What Are Fertility Tests?

A fertility test is a procedure or test which assesses the ability of a woman to have a baby. There are also fertility tests for men, but we will limit the scope of this article to women. There are a range of female tests available; some are simple to perform like peeing on a stick in the comfort of your own bathroom while others are invasive and involve diagnostic surgery under general anesthesia. Most women start at level one, with simple tests and if there is a problem diagnosing the cause, more complex tests can then be ordered.

Related Articles
All about female infertility and all about male infertility.
For more specially about men, see male fertility tests.

What Are Home Fertility Tests?

These are over-the-counter tests you can buy in any pharmacy. They can be taken at home to gauge your fertility potential. Most women start with these tests; in fact their doctor may recommend it to help pinpoint their ovulation (indicating their most fertile days). Popular home tests include:

Ovulation Prediction Kit (OPK)
An OPK is used to detect luteinizing hormones (LH) levels, higher levels generally confirm you are ovulating. It may also be used to pinpoint the exact day you ovulate so that you can plan to have sex with your partner on that day. You normally have a 12 to 24 hour window to fertilize a released egg before it dies. It is also recommended to have sex regularly for a few days before ovulation because the quality of the sperm tends to be better if the man has had a little 'practice'. Another useful home test is one that measures follicle stimulating hormone (FSH) levels. This type of test also lets you know whether or not you are ovulating (one popular brand is First Response Fertility Test for Women). This information is particularly useful for women with polycystic ovary syndrome (PCOS) or irregular periods who may not know if they are ovulating.

Fertility Monitors
If you want to go higher tech you can buy a fertility monitor which is a small device that stores data about your menstrual cycle and tells you when you are going to ovulate (cost about $100-$200). Examples include Clearblue Fertility Monitor, Persona Monitor and Cyclotest Temperature Fertility Monitor.

Basal Body Temperature
If you want to go low-tech, you can use the old fashioned method of recording your basal body temperature (BBT). This is the lowest temperature your body reaches within a 24 hour period. You pop a basal thermometer into your mouth first thing in the morning before getting out of bed and record your temperature. Several studies show that most women ovulate after their temperature has risen, so by tracking your temperature, you know when to have sex. Finally you may choose to monitor changes in your cervical mucus. Before ovulation it tends to be thick and cloudy but in the days approaching ovulation it becomes thinner, transparent and slippery.

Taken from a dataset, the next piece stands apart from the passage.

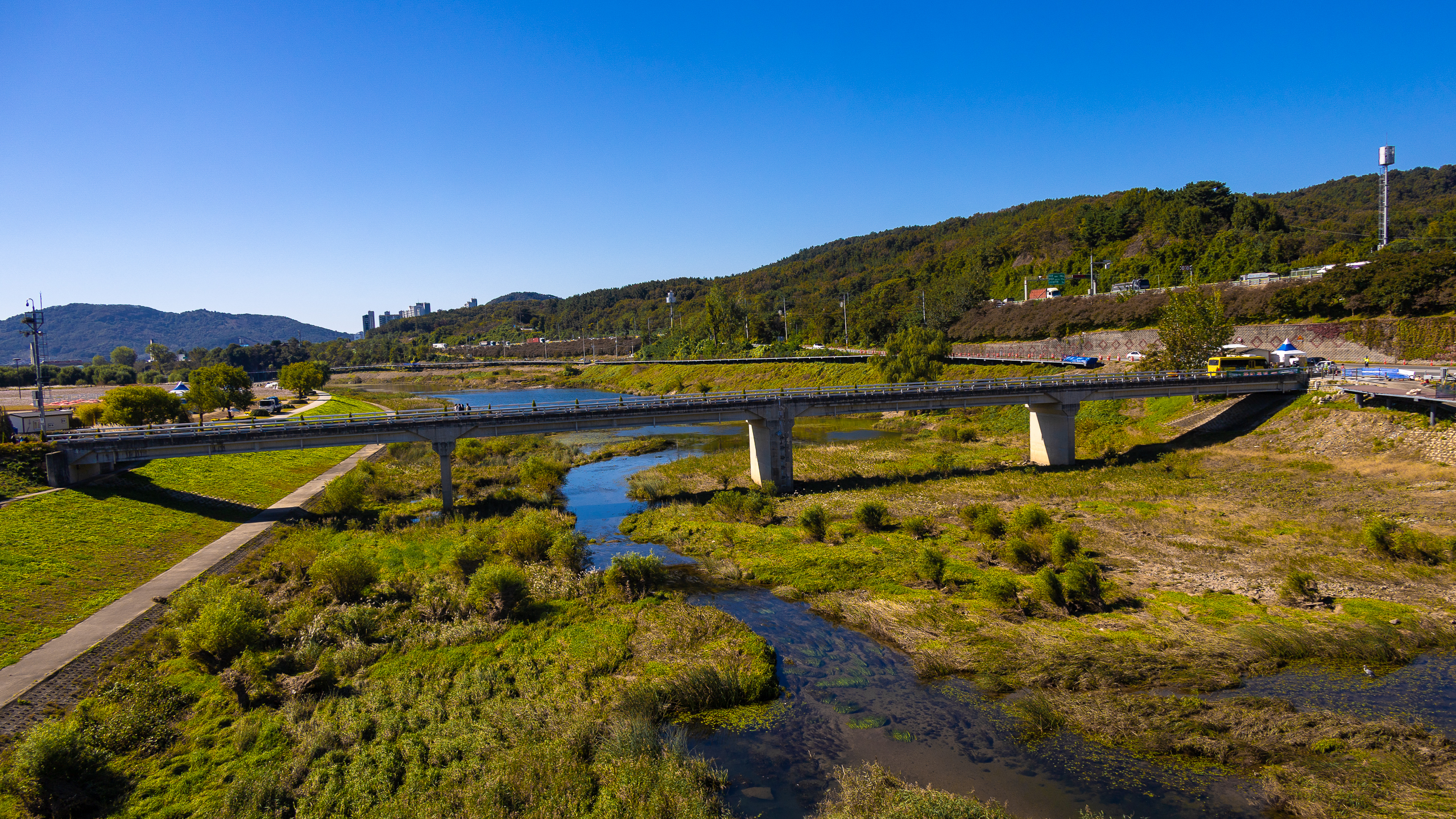 대구 금호강에 자리 잡은 하중도는 도심과 인접하면서도

When Should I See A Doctor For Testing?

It is recommended that women under the age of 30 wait a year before seeking fertility tests. Women over 30 should seek a diagnosis after 6 months. But you might want to consider fertility testing straight away if you:
• Have a history of painful periods or irregular periods.
• Have problems pinpointing when you ovulate.
• Have a history of sexually transmitted diseases (STDs).
• Experienced one or more miscarriages.
• Have an unhealthy body mass index (BMI) - either you are very overweight or underweight.
• Have had a prior treatment for cancer or require treatment and want to preserve your fertility.
• Have endometriosis or PCOS.
• Are aged over 40. See, what age does fertility go down in women?
• See also, how long does it take to get pregnant?

At The Doctors

You may choose to see a family doctor or gynecologist, or some women go directly to a fertility clinic. If at any time your doctor feels your case is more complex than he can handle, or he feels you need fertility treatment, he will send you to a specialist or clinic. Initially you will be given a full physical examination and you will be checked for symptoms of PCOS and symptoms of thyroid disease. You may also be given a Pap smear test. Ideally you will have been tracking your ovulation with an OPK or using the BBT method. This will tackle the first question that needs answering: are you ovulating or not?

Other Tests

Baseline Blood Tests
Next you may be given a blood test to check your hormone levels (also known as baseline blood tests). Blood is drawn on day 2 or 3 of your period and the results are normally back within a few days. From the results it may be revealed that you have an undiagnosed condition like PCOS which is affecting your fertility. Or if you have high levels of FSH it may mean you have started perimenopause. Or high levels of estradiol can indicate ovarian cysts. Many women receive a diagnosis at this stage and are treated with infertility drugs to boost ovulation.

Cervical Mucus Test
Also called a post coital test (PCT) or Huhner test, the cervical mucus test is done around the time of ovulation. It determines if your partner's sperm can penetrate and survive the mucus in your cervix. A sample of your mucus is taken 4 to 12 hours after sex and examined under a microscope for signs of sperm survival.

Ultrasound Test
An ultrasound scan may be performed to check the size and condition of the womb and ovaries. If no cause can be determined at this point, or a previously undiagnosed condition is indicated, the diagnostic procedure is stepped up a level and more specific tests may be recommended.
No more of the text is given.